The financial landscape in 2026 reveals the paradox at the heart of the EV industry. Demand is increasing, but so is the price of competition. Polestar manufactures mainly in China, which makes its cars subject to both America and its cars European tariff regimes Designed to combat the competitive advantage of Chinese manufacturing. The company is targeting the Chinese domestic market as “hyper competition” and suggested to Europe that “speed it up” own answer.

The range anxiety is over. The next is more difficult.

Lohscheller, who previously ran Opel and Vauxhall, was open about the lineup question. “Range anxiety, I think it’s goneHe said at the Financial Times Future of the Car conference on Wednesday. The cheapest Polestar 2 now offers an official range of 344 miles on the WLTP test cycle. The dual-motor Polestar 3 SUV drives 402 miles. The 82-kilowatt-hour Polestar 2 can be fully charged at the domestic rate for £5 a night in the UK. a fraction of what a comparable gasoline car would cost to refuel at current prices.

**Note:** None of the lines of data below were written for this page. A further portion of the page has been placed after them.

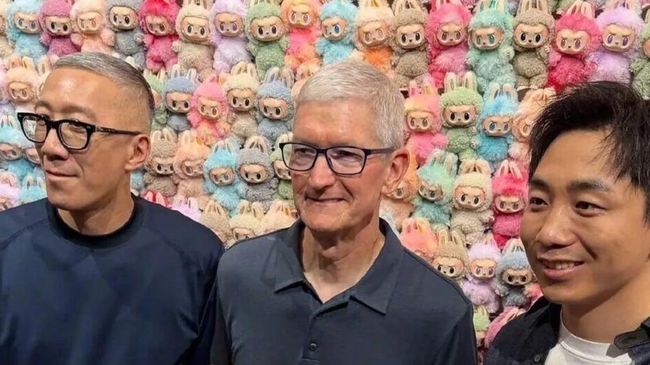 2025年10月13日,苹果CEO蒂姆·库克现身上海,参加LABUBU巡展,与泡泡玛特创始人、董事长兼CEO王宁以及LABUBU之父龙家升合影。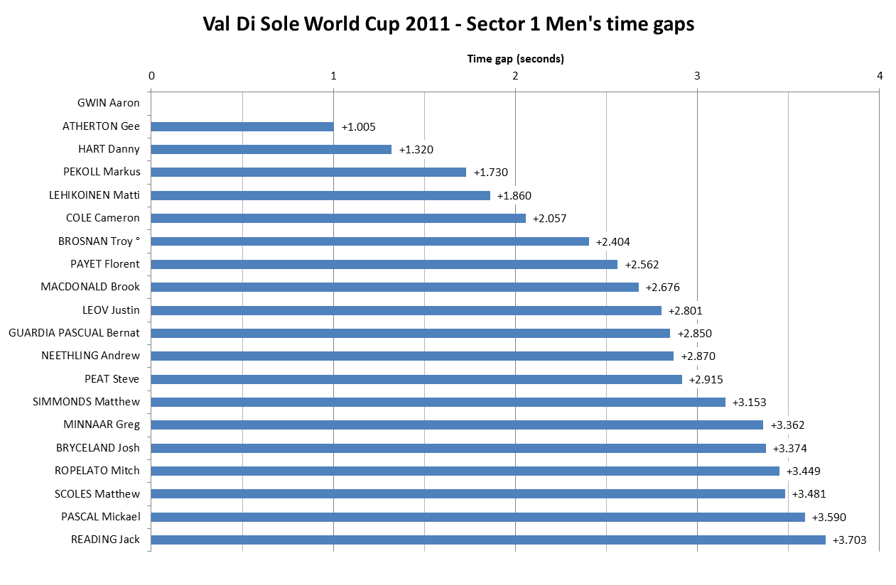 Put simply, Gwin destroyed the field in the first and second sectors. At split 1, the average gap between 2nd and 20th place was 0.15 seconds and the biggest gap between two adjacent places was 0.41 seconds (Danny Hart and Markus Pekoll). But while the rest of the field were dealing in tenths of seconds Gwin put over a second into everyone.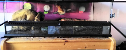 Zur Zeit leben beide zusammen in einem 90 cm langen und 50cm breiten Terrarium. Als Erde habe ich "Jungle Bedding" von der Firma "Lucky Reptile". Diese habe ich aufgekalkt. Die Feuchtigkeit liegt immer zwischen 70% bis 85%. Die Temperatur zwischen 20-21°C. Sie haben zwei große Wassergefäße, einen Birkenast und eine Höhle(aus Kunststoff). Zum Essen bekommen sie bei mir: verschiedene Salate, Gurke, Paprika, Karotte, Apfel, Banane, Pilze, Tomate im Sommer verschiedene Beeren und viele frische Kräuter. Sie haben immer mindestens drei Sepia Schalen zur Verfügung.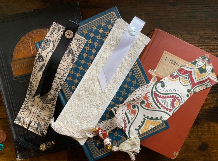 It has been immensely challenging joining three book clubs, but it has been a journey worth taking as a motivator to consume more literature. Since joining the clubs, I was inspired to create some attractive bookmarks for me and the club members. My medium: scrap fabric and whatever materials I had on hand.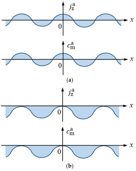 To determine the arbitrary constants, i.e., , , , , and of and , the amplitude of the current density fluctuation is solved. Due to the low electric conductivity, the contribution of the electromagnetic induction to the current density is negligible, so Equation (D3b) is approximated by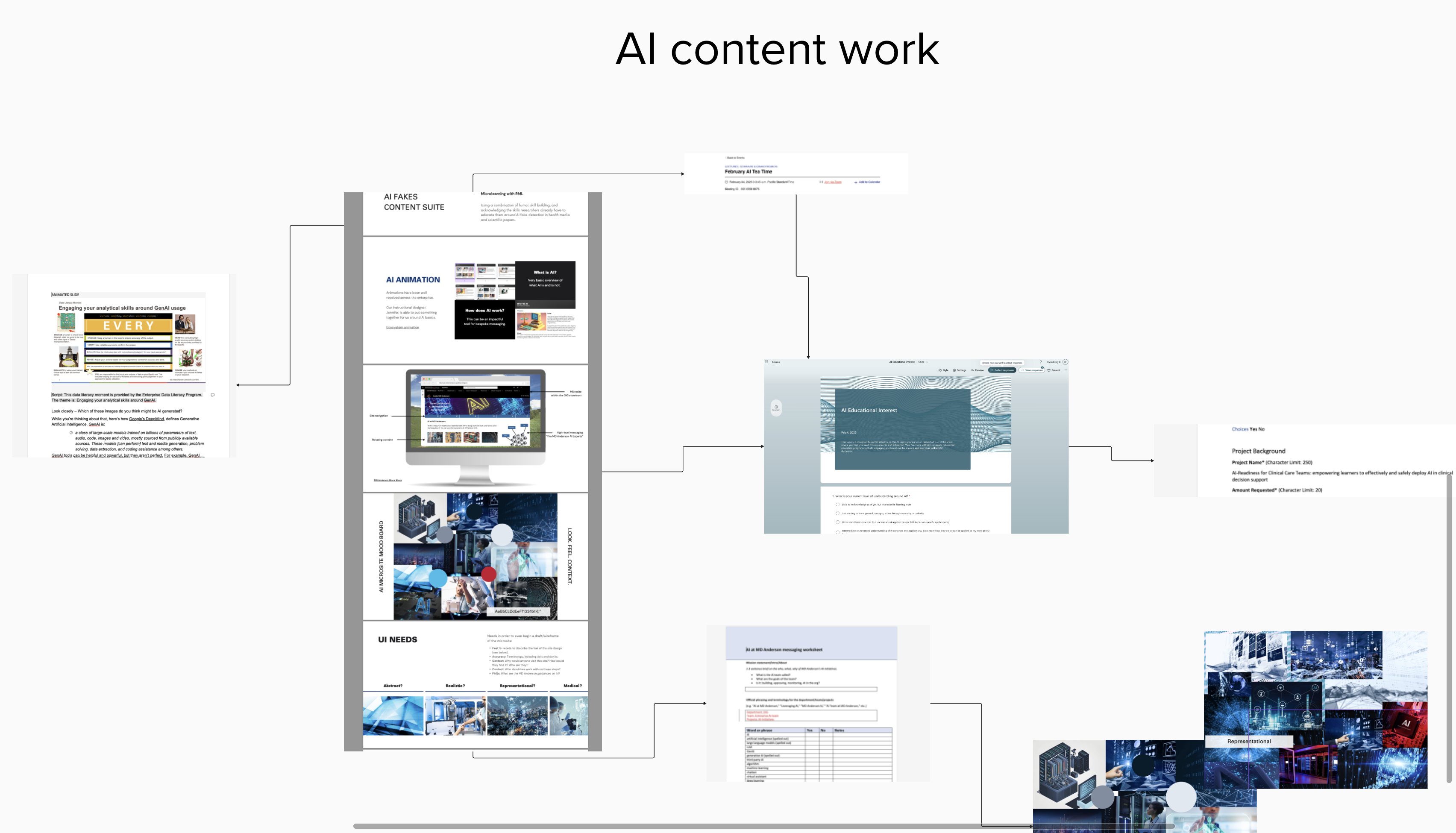 A huge part of my position was centered on content architecture work in an effort to build everything as organized and scalable. I developed templates for module creation and established our Manual of Style, ensuring consistency across the dozens of courses concurrently in-flight at any given time. It was quite a challenge managing this within a team of 4 with only one writer and one instructional designer. Add to that the constant stream of grant writing, project management tasks, state and institutional level compliance work, and equal time on the AI taskforce building content around misinformation and AI in healthcare ethics – I was busy!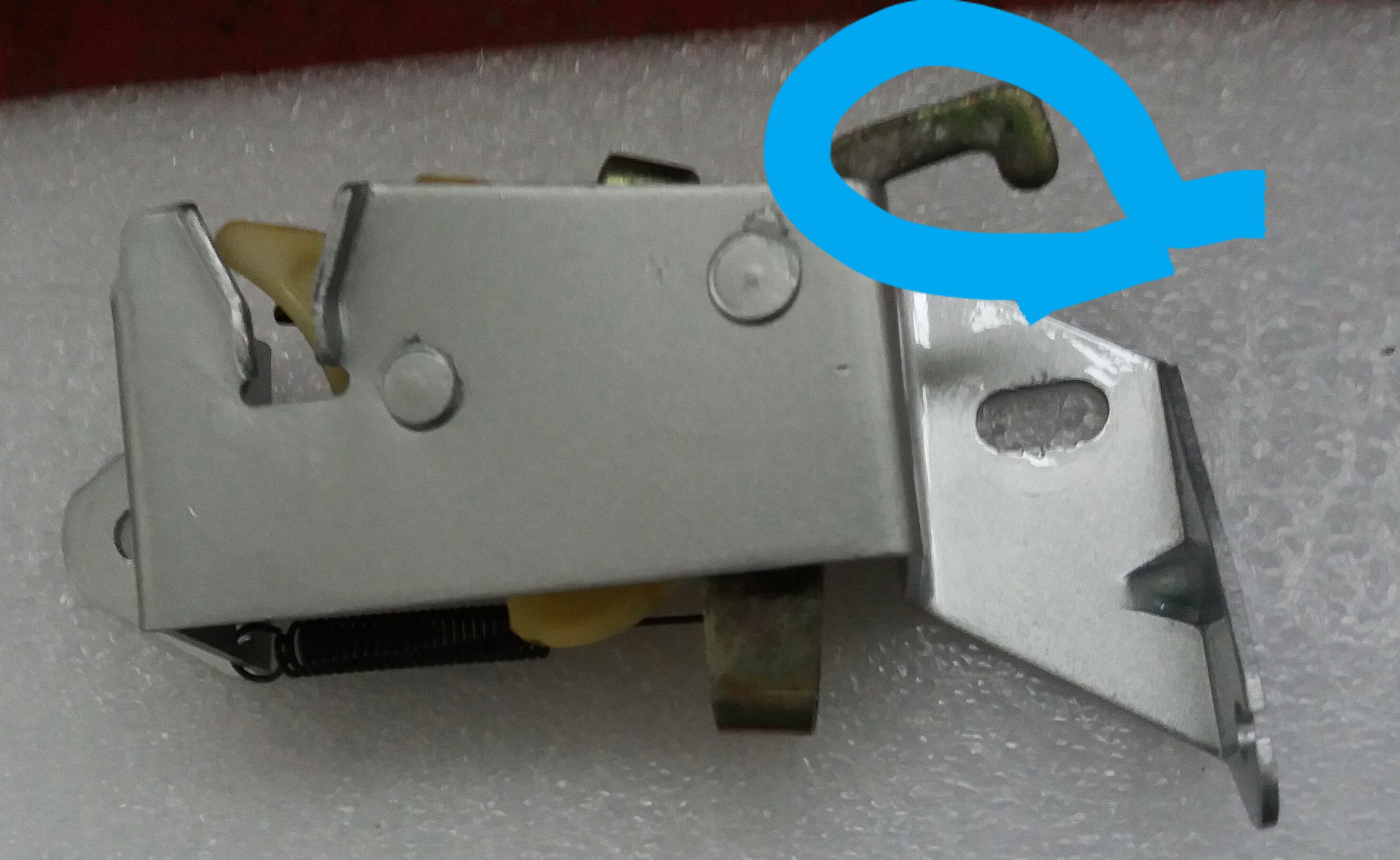 Por la parte de abajo subes un cable rigido con un gancho u ojal rigido tambien y tratas de pescar la palanca del mecanismo de apertura. No es dificil, abre a la primera, pero es incomodo de hacer.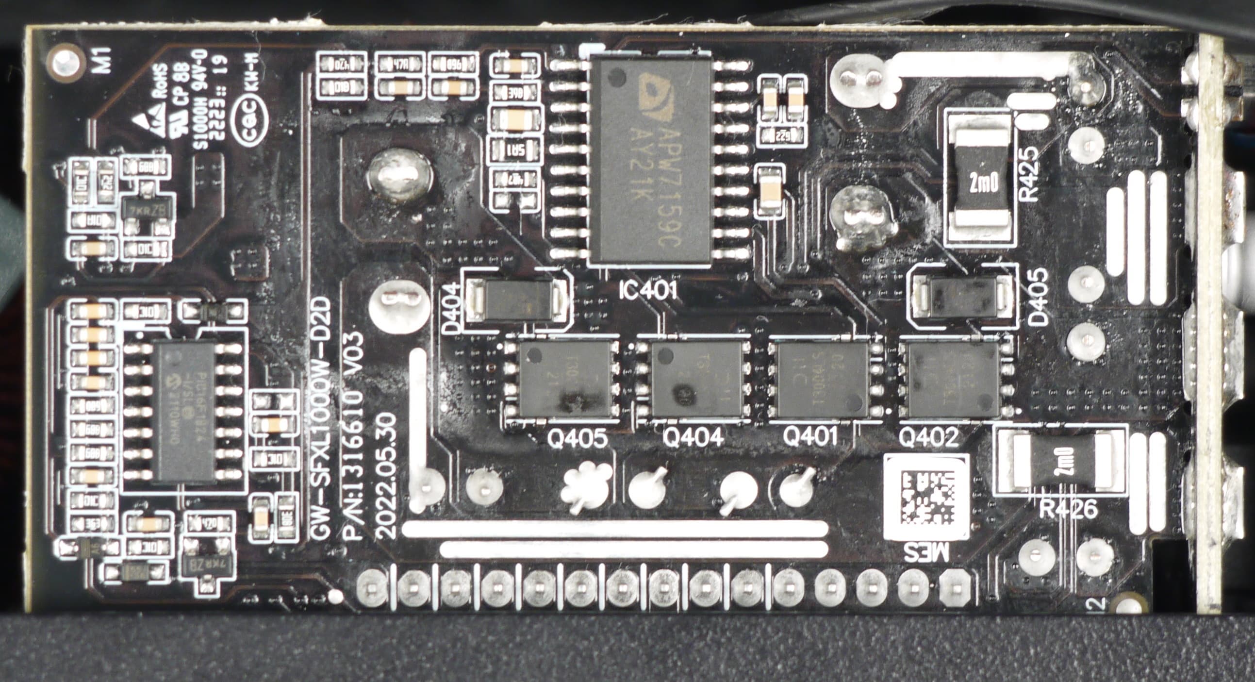Конструкция блока питания вполне соответствует современным тенденциям: активный корректор коэффициента мощности, синхронный выпрямитель для канала +12VDC, независимые импульсные преобразователи постоянного тока для линий +3.3VDC и +5VDC.

But lower operating costs have not yet become less of a purchasing concern. Lohscheller acknowledged that EV residual values ​​remain a pain point, lagging behind equivalent combustion vehicles. New car pricing pressure, driven by manufacturers struggling to meet UK zero-emission car mandate quotas or face fines, has led to aggressive discounting, further eroding used EV values. “I wish you stability” he said of the regulatory environment.Having a new argument about changing these rules every three months doesn’t help anyone.

The bigger picture

The fuel price shock is pushing car markets well beyond Polestar’s niche. BYD exported more than 120,000 electric and hybrid vehicles in March alone, a 65% year-on-year increase. Renault has described the Middle East conflict as causing a “seismic shift” in EV adoption. The head of the International Energy Agency, Fatih Birol, called the Hormuz accident, highly evaluating the possibility of countries switching to renewable energy sources to reduce geopolitical risk. largest supply disruption in the history of the global oil market.

The irony is that the crisis that will accelerate the transition to electric vehicles is also the crisis that will punish the companies trying to lead it. High energy costs increase production costs. Tariff walls make cross-border competition more expensive. Currency fluctuations reduce margins on vehicles built in one country and sold in another. Polestar’s first-quarter results are an example of all three dynamics operating simultaneously.

Lohscheller’s formulation that the conversation shifts from range to value, from ideology to arithmetic, is probably correct. The question is whether Polestar, which is losing money on every percentage margin while managing an energy shock caused by tariffs, competition and war, can benefit from the change it describes. It may be a pump concern Good for home in aggregate. Whether that bodes well for Polestar depends on whether the company can turn growing demand into something it doesn’t yet display on its balance sheet: a sustainable business.